Life changes in a flash!
Sunday, March 29, 2009
Thanksgiving 2008 was really good. My husband's brother and his wife came and it was really nice to see them together. Dinner went well. They played ping pong which I had in the garage but had not been set up in years. The week before I cleaned the garage so that there was room to play again. Everyone had a good time. Our daughter came in from Indiana as well as my son from Orlando. Who could know our world would change forever the following week. My husband's brother and wife left on Friday, my son on Saturday, my daughter on Friday night. The following Tuesday Dec2 my husband Matthew came home from work not feeling particularly well but couldn't define what was wrong. We went to bed and slept til 10 am. He got up asked me to go out to breakfast, but when I reminded him he hadn't felt well the night before, we decided not to go. He took a shower, asked me to stay in our room with him.( not a usual request) Then said, "You know, If I survive this..." I cut him off with "Survive what?
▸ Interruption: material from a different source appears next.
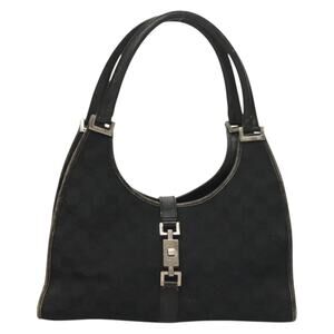 GUCCI GG Canvas Jackie Hand Bag Black Silver 002 1066 002 1066

Oh, you"ll start taking care of yourself and get healthy?" Still he didn't feel good. Didn't want to go to the hospital said it wasn't that bad... Laid on the bed a little while seemed more comfortable, then all of a sudden, he stood up and said, "My heart is beating funny, OH Betty". Those were his last words. I called his brother on the way to the hospital in order to warn him, so he wouldn't just get the call that his brother was gone, but in my heart, I knew he was gone when I was still doing CPR myself. I have the relief of knowing I did everything I could for him, of knowing, I told him I loved him one last time while he could still hear me, of knowing, my name was the last thing he thought of to say. I loved my husband. He was a strange man, he had trouble letting people get close to him. He always wanted to keep them guessing. He was a mailman who always said he didn't like his job. After he died, I got so many letters and cards from his patrons telling me how much they cared for him and how many had become his friends. I have been up to see his brother in Jacksonville 3 times since he died. I feel closer to my husband when I am near him. He likes to see my son as well. Maybe in a way we are both getting from each other the feeling of closeness to him. None of us could have predicted as they all left after Thanksgiving that we would be meeting again the next week to attend a funeral for one so loved and connected to us.
One of the commitments to myself after this, is that I will take care of myself, eat healthy, keep sugars in line and exercise so as to be a good roll model to our children.